**Task requirements:** The lines to print run from the top of the material below to the line with "علما و متنفذین", inclusive; please copy them exactly, without pictures.

**Provided entries:**

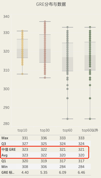 TOP60以上的录取者的平均GRE在320左右,若你的目标是TOP30甚至更前的院校,一个320以上的成绩就够用了。
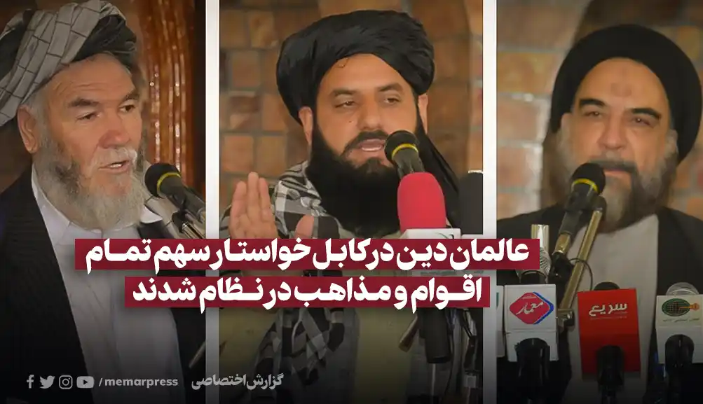 علما و متنفذین ناحیه ششم شهر کابل میگویند که در یک نظام اسلامی باید تمام اقوام و مذاهب سهم مساویانه داشته باشند زیرا بقای یک نظام اسلامی در گرو مردم است.
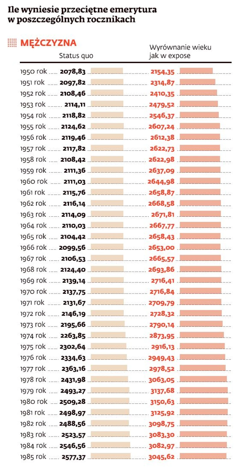 Niższa kwota to wariant dla osoby pracującej zgodnie z obecnym prawem do 60. roku życia. Dla mężczyzn różnice są mniejsze, bo ich wiek jest wydłużany o dwa lata, ale i tak są znaczne – 2864 zł zamiast 2262 zł przy wieku emerytalnym 65 lat.
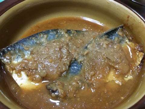 ⑤ ③に④を入れて、落としぶたをして更に煮込んでいきます。ある程度煮込んだら、落としぶたを外して煮汁を鯖の表面にかけていきながら煮汁にトロミがつくまで煮詰めていくと出来上がりです。
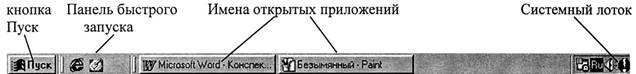 В нижней части Рабочего стола расположена Панель задач (Taskbar) , являющаяся основным средством взаимодействия пользователя с системой.
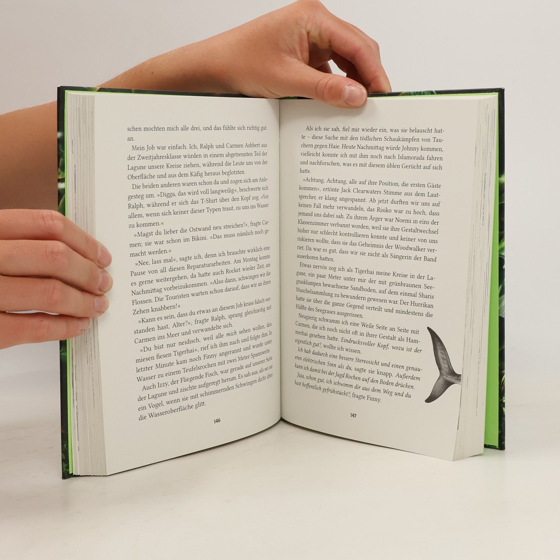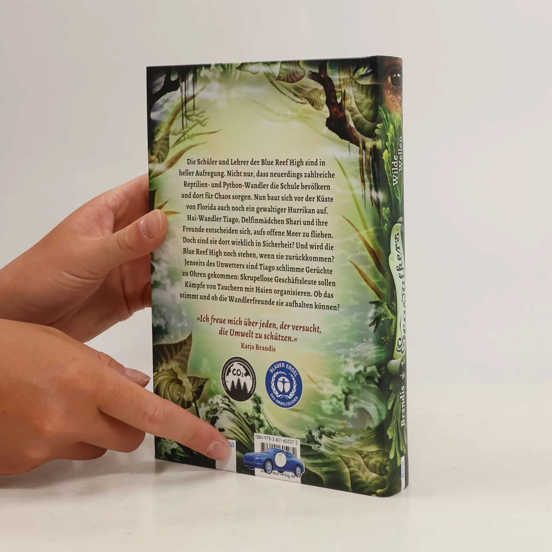 Die Schüler und Lehrer der Blue Reef High sind in Aufregung, da zahlreiche Reptilien- und Python-Wandler für Chaos sorgen. Gleichzeitig baut sich vor der Küste Floridas ein gewaltiger Hurrikan auf. Haiwandler Tiago, Delfinmädchen Shari und ihre Freunde fliehen aufs offene Meer, doch sind sie dort wirklich in Sicherheit? Zudem kursieren Gerüchte über skrupellose Geschäftsleute, die Kämpfe zwischen Tauchern und Haien organisieren. Können die Wandlerfreunde diese Machenschaften aufhalten? In der faszinierenden Unter- und Überwasserwelt der Everglades erleben Tiago und seine Gestaltwandler-Freunde – darunter Delfinwandlerin Shari, Gürteltierwandler Jasper und Rochenwandlerin Finny – spannende Abenteuer. Auch beliebte Figuren aus der Woodwalkers-Serie, wie Carag und Tikaani, haben Gastauftritte. Die Reihe richtet sich an Jungen und Mädchen ab 10 Jahren und bietet packenden Lesestoff, ergänzt durch wunderschöne Illustrationen von Claudia Carls. Alle Bände sind unabhängig von der Woodwalkers-Serie lesbar und erscheinen halbjährlich auf umweltfreundlichem Papier, zertifiziert mit dem „Blauen Engel“.
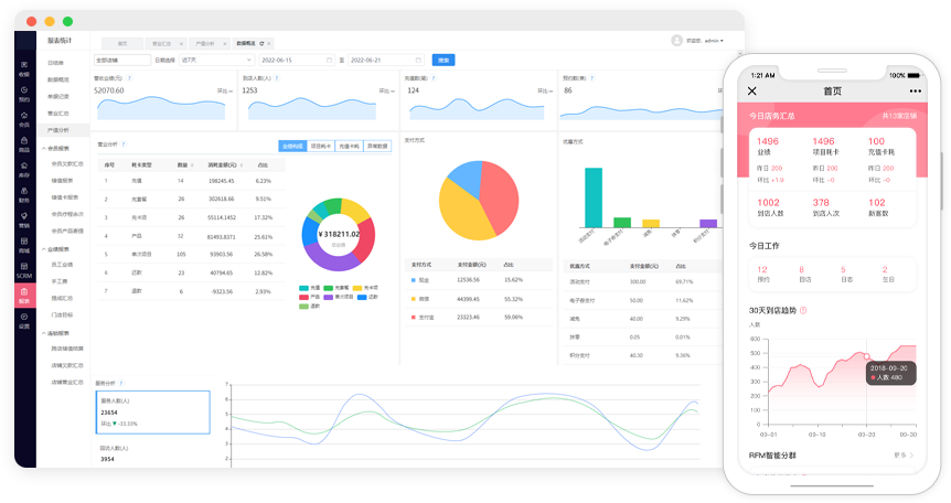 收银、会员、预约、提成统计、经营分析等数智化协同,提效降本业绩倍增

**Your solution:**
 TOP60以上的录取者的平均GRE在320左右,若你的目标是TOP30甚至更前的院校,一个320以上的成绩就够用了。
 علما و متنفذین ناحیه ششم شهر کابل میگویند که در یک نظام اسلامی باید تمام اقوام و مذاهب سهم مساویانه داشته باشند زیرا بقای یک نظام اسلامی در گرو مردم است.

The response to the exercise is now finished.